滋野小学校は2度の移転を繰り返しました。
滋野小学校の北側には八幡神社があります。
神社のそばに泉がわいており飲料水とするため
学校まで鉄管で引いてきてありました。
滋野小学校が創立140周年を迎えることは昨日のブログでお話しました。今日は滋野小学校の移転に伴うお話です。滋野小学校は何度か移転しています。最初は「精業学校」として現在は小諸市になっている東漸寺の南側に設立されたそうです。その後手狭となり、国道18号線の赤岩の信号の北側の丘の上に移転となりました。
明治19年(1886)11月この「精業学校」の地に滋野地区にあった4つの学校が統合し、新たに「滋野小学校」が設立されました。私の父は大正2年生まれですが、生前に学校の西側にある大石沢川を渡って通ったという話を聞いたことがあります。学校には井戸がなく、大石沢川まで水を汲みに行くのが大変だったと言っていました。学校の窓にはガラスが入っていて、当時は珍しかったことから「ギヤマン」(ガラスのこと)学校と言われていたそうです。

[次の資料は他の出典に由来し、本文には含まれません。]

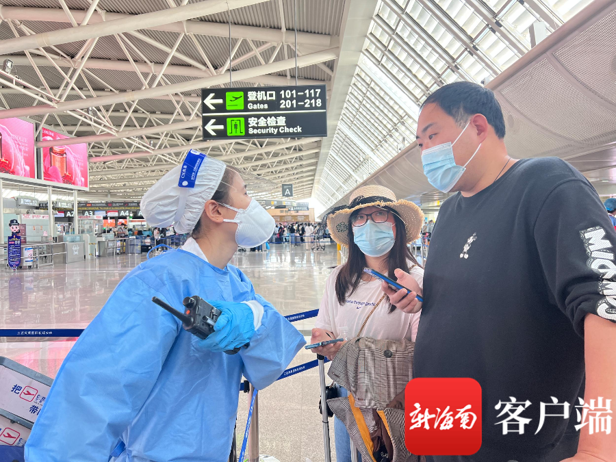 ?旅客咨詢疫情管控措施。三亞機場供圖

その後大正14年(1925)11月、現在地に移転になりました。なぜこの場所になったのか詳しいことはわかりません。ただ学校の北側には地域の鎮守様である八幡神社があり、昔から豊富な湧水があったからだと言われています。私が子供の頃は湧水を鉄管で学校まで引いてきてあり、1年中きれいな水が飲めました。湧水の温度が一定のため、夏には鉄管に水滴がつき、冬にはもうもうと水蒸気が立っていたことを覚えています。
ここからは私の推測です。この地域は昔から水には苦労してきました。田んぼの水が確保できず水争いもたびたび起きていました。そんな中で八幡様の前の田んぼは水には不自由することはありませんでした。学校のすぐ南には村役場があり村の中心地でした。学校は八幡様のすぐ前にできましたので子供たちは八幡様に見守ってもらえます。そんな大切な田んぼをつぶして子供たちの学校を造ったのです。
こうしたことを考えると当寺の滋野村の皆さんが子供たちの教育にかけた思いには並々ならぬものがあったことがうかがわれます。村の人々にとって子供たちは希望の星でした。そうした子供たちを教育するにふさわしい環境を整えることに心血を注いでこられたのではないでしょうか。
私は140周年にあたり、子供たちにこうした先人たちの思いを伝えて行きたいと思います。